### Data segment
*** Begin section ***

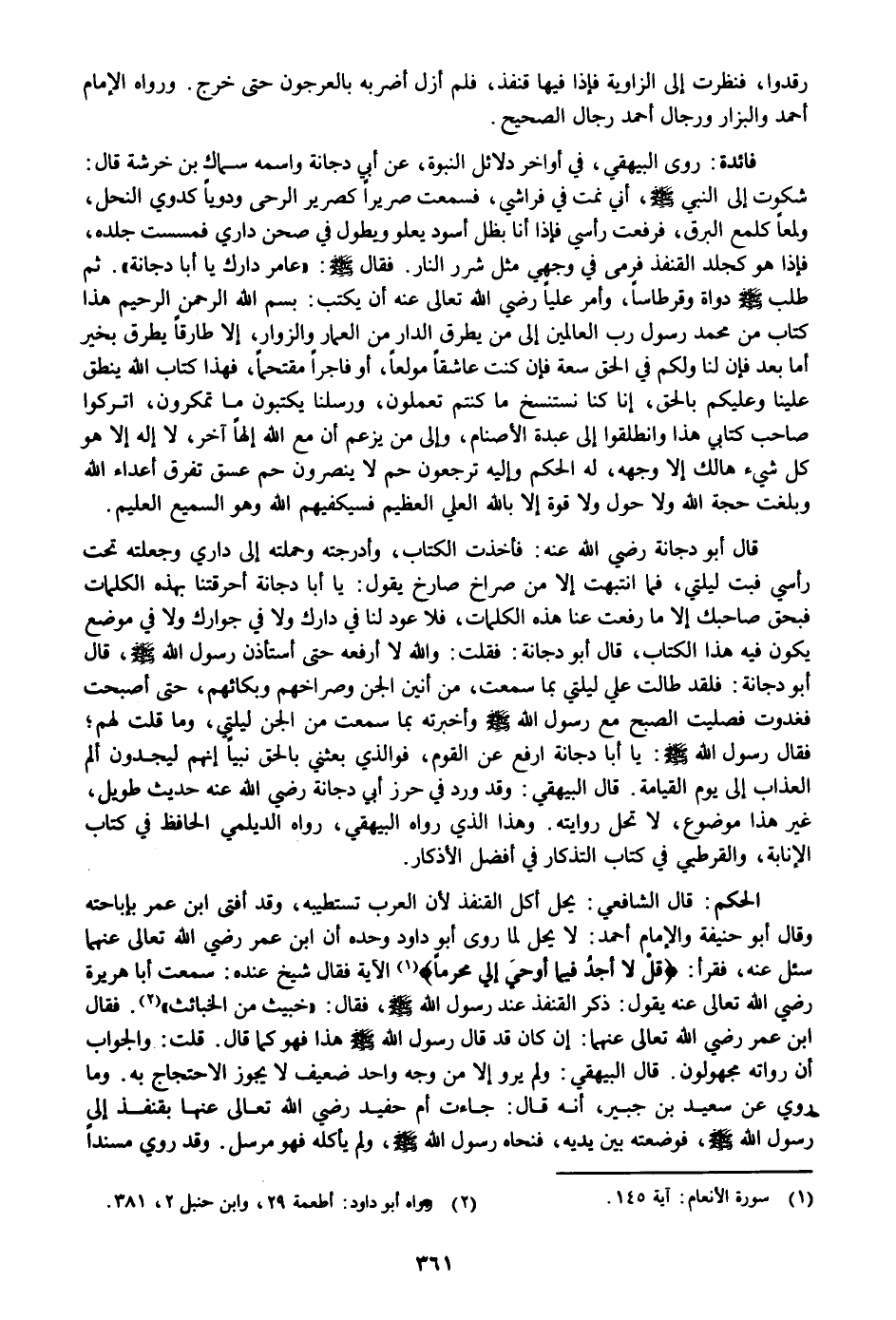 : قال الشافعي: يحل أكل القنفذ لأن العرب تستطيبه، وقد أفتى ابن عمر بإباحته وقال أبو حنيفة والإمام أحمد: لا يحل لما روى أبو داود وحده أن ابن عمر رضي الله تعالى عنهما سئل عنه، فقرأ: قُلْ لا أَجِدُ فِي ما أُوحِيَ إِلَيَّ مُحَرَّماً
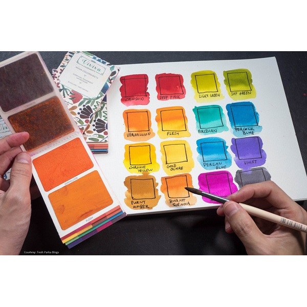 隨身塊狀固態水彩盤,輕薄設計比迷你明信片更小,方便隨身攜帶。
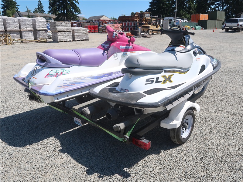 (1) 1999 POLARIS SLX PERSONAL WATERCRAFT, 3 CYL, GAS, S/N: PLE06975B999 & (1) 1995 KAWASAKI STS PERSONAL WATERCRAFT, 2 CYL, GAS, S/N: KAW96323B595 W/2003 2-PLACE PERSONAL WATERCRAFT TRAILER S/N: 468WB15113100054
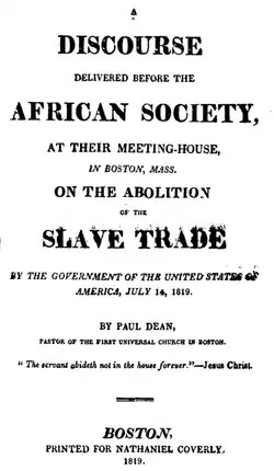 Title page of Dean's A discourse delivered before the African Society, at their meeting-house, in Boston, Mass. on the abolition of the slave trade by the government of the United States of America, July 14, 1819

*** End section ***

### What to produce
Copy out all the data without changing anything, and drop the pictures.

### Answer section
 : قال الشافعي: يحل أكل القنفذ لأن العرب تستطيبه، وقد أفتى ابن عمر بإباحته وقال أبو حنيفة والإمام أحمد: لا يحل لما روى أبو داود وحده أن ابن عمر رضي الله تعالى عنهما سئل عنه، فقرأ: قُلْ لا أَجِدُ فِي ما أُوحِيَ إِلَيَّ مُحَرَّماً
 隨身塊狀固態水彩盤,輕薄設計比迷你明信片更小,方便隨身攜帶。
 (1) 1999 POLARIS SLX PERSONAL WATERCRAFT, 3 CYL, GAS, S/N: PLE06975B999 & (1) 1995 KAWASAKI STS PERSONAL WATERCRAFT, 2 CYL, GAS, S/N: KAW96323B595 W/2003 2-PLACE PERSONAL WATERCRAFT TRAILER S/N: 468WB15113100054
 Title page of Dean's A discourse delivered before the African Society, at their meeting-house, in Boston, Mass. on the abolition of the slave trade by the government of the United States of America, July 14, 1819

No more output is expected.